# Roof Top Units



## wildleg (Apr 12, 2009)

don't drop it on the customers


----------



## Awg-Dawg (Jan 23, 2007)

Chris1971 said:


> I drove by a big box store that was open for business. They had a crew changing out roof top units with a crane and I was curious what requirements their are for changing out a roof top units while the business being open with customers inside?


 
They probably had no idea they were being swapped.

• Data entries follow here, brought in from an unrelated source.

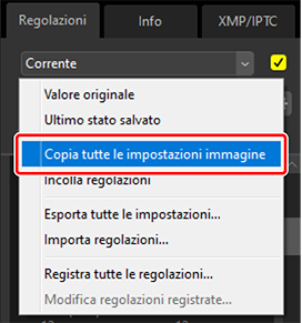 Copiare le regolazioni da un'immagine all'altra o salvare le impostazioni correnti per l'uso successivo.
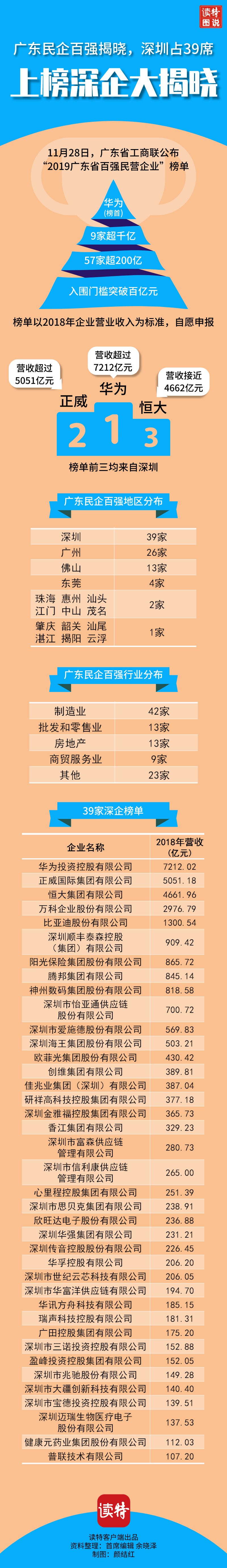 一圖讀懂|2019廣東省民企百強揭曉,深圳占39席!
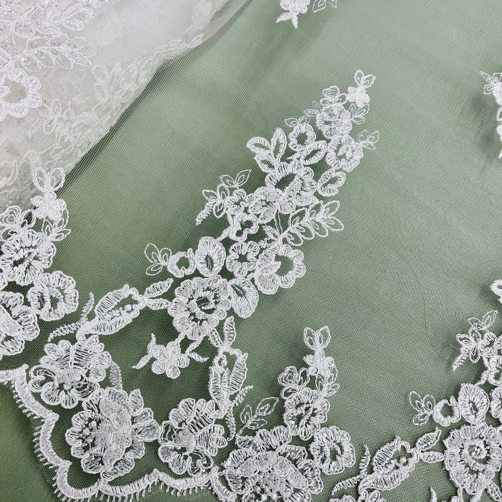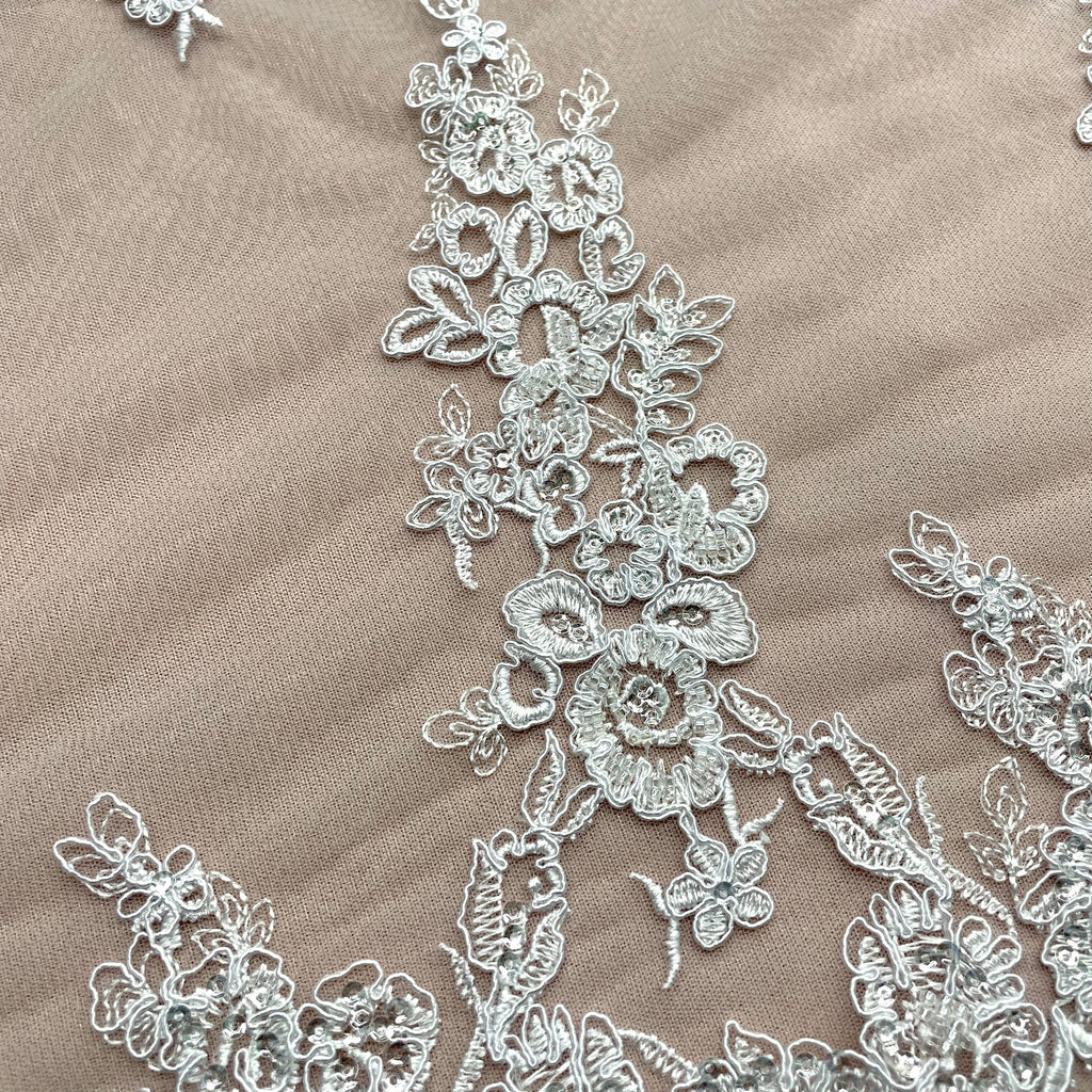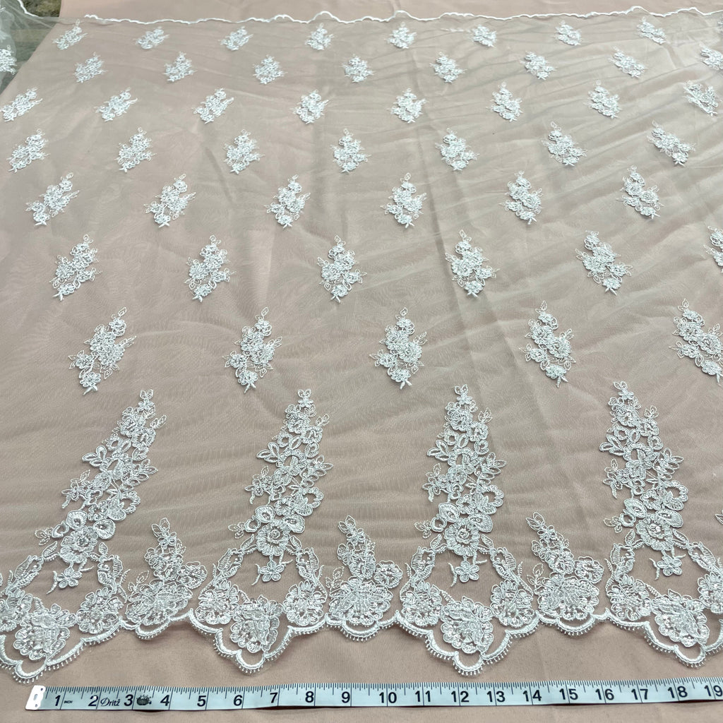 Beaded & Corded Bridal Lace Fabric Embroidered on 100% Polyester Net Mesh | Lace USA - 91443W-HB

Or, are you asking because of safety reasons?


----------



## B4T (Feb 10, 2009)

They put up safety barriers and post an employee to play traffic cop...


----------



## Chris1971 (Dec 27, 2010)

Awg-Dawg said:


> They probably had no idea they were being swapped.
> 
> Or, are you asking because of safety reasons?


From a safety stand point.


----------



## wildleg (Apr 12, 2009)

oooooh, from a safety standpoint:

spotter in the store, area roped off

staging area roped off, oiler/rigger

crane swing area roped off, oiler

roof 2 men to set the unit, 1 signalman


----------



## Awg-Dawg (Jan 23, 2007)

Chris1971 said:


> From a safety stand point.


 
What Wildleg said.

But, I can gaurantee that there a few customers who just cant get close enough to watch.:laughing:


----------